* **Recorded information**
"""

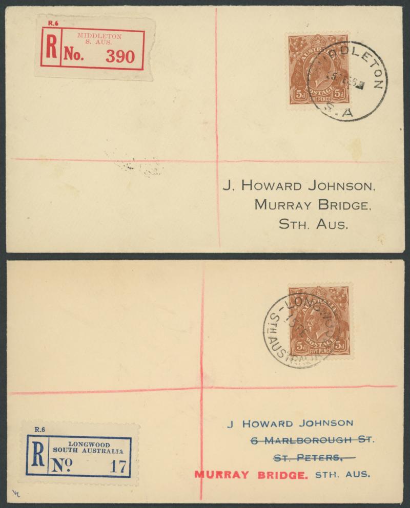 1935-36 Howard Johnson registered covers from 'LONGWOOD', 'LOWBANK' (red/white R label) and 'MIDDLETON' (red/white R label).
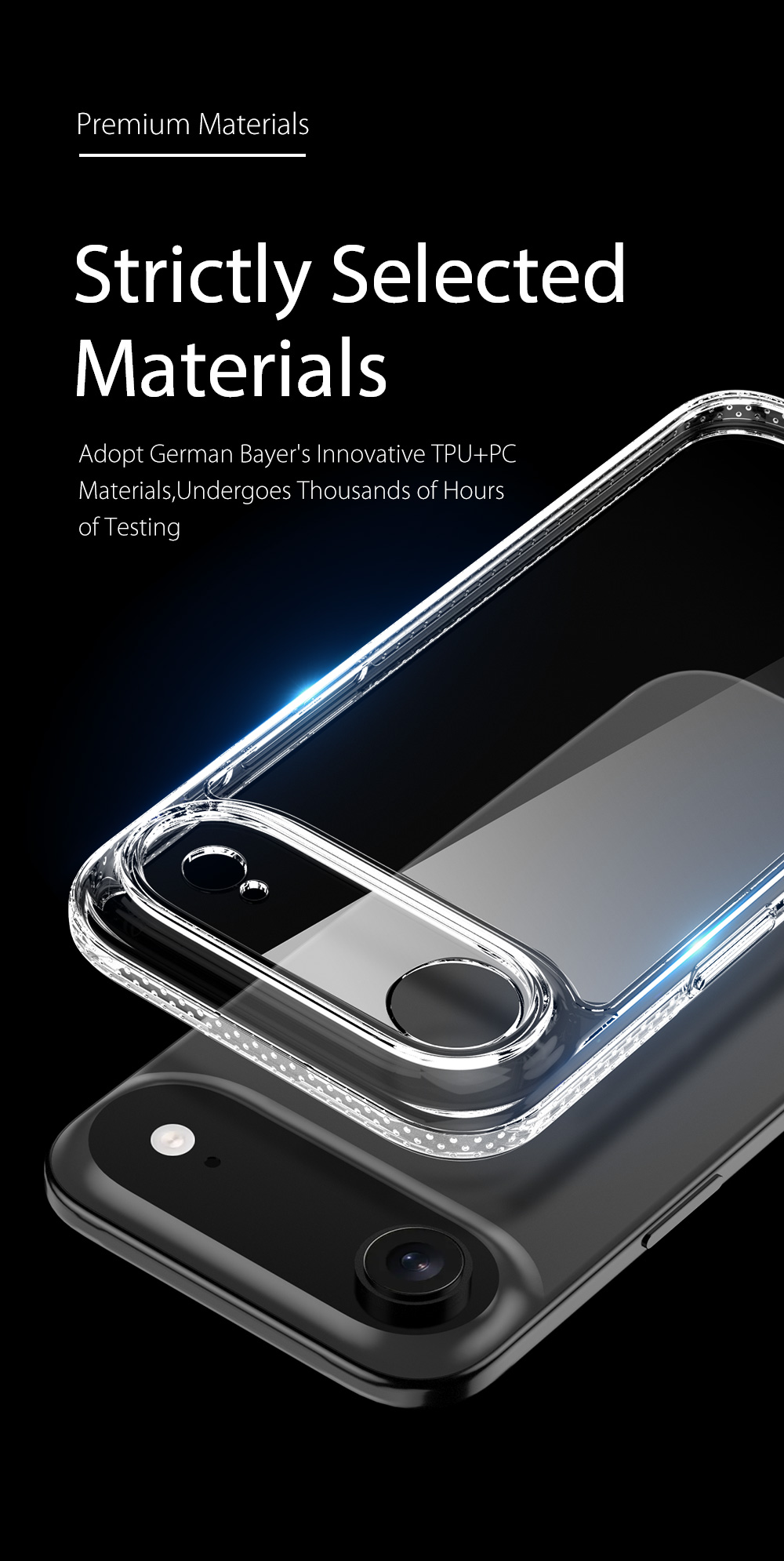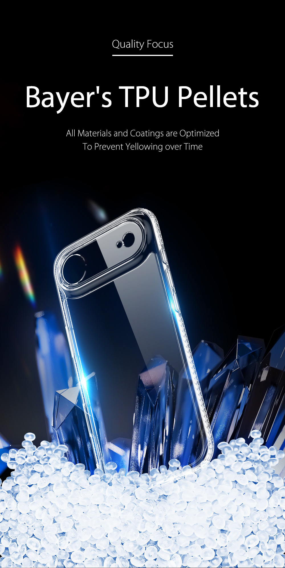 Made of quality Bayer TPU+PC , all materials are optimized to prevent yellowing over time.
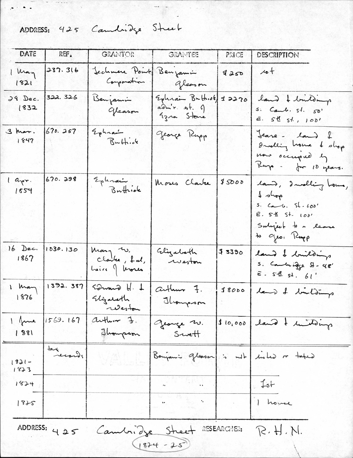 - Cambridge Historical Commission, Digital Architectural Survey and History.
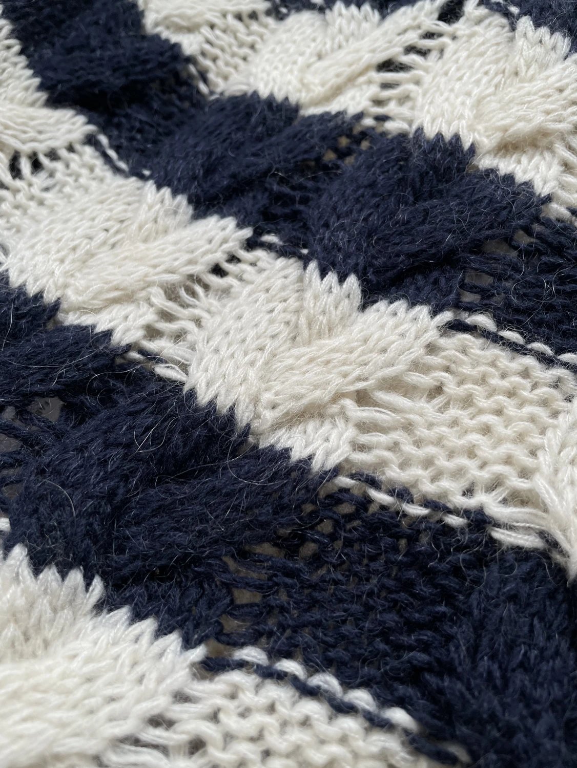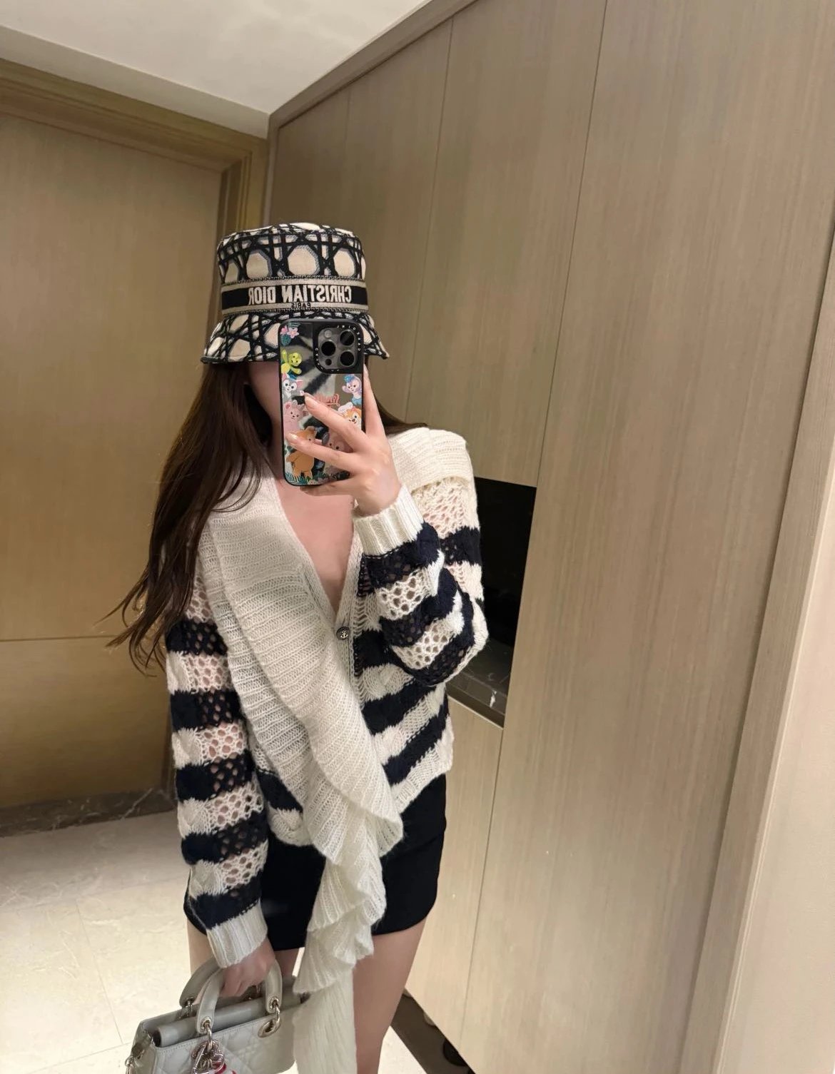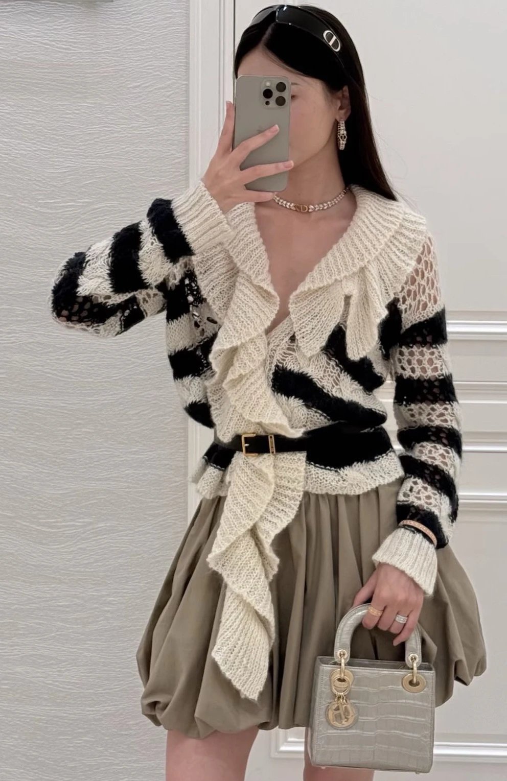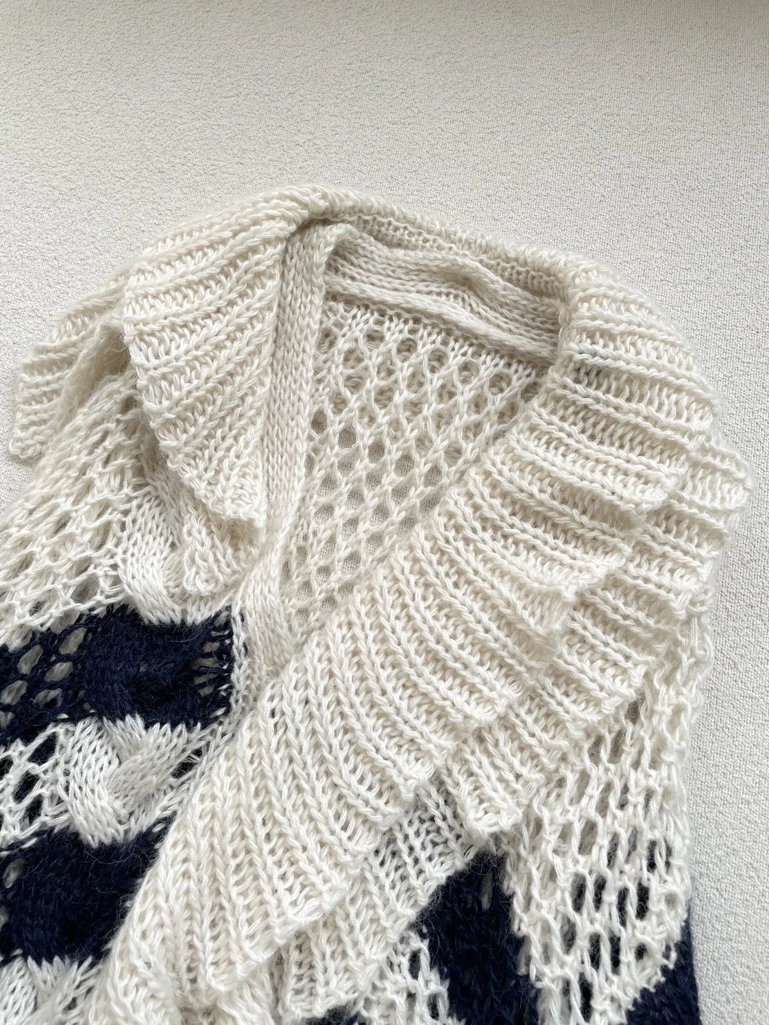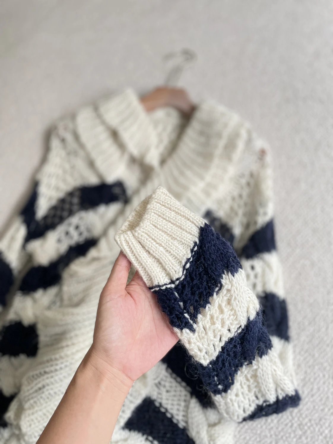 双11福利款 可拆卸荷叶领开衫 亚麻马海毛 条纹镂空针织衫

"""

* **What this task involves**
Output nothing but the lines from the one containing "- Cambridge Historical" to the end of the listing, both ends included, reproduced exactly. Pictures stay out.

* **Result of this exercise**
 - Cambridge Historical Commission, Digital Architectural Survey and History.
 双11福利款 可拆卸荷叶领开衫 亚麻马海毛 条纹镂空针织衫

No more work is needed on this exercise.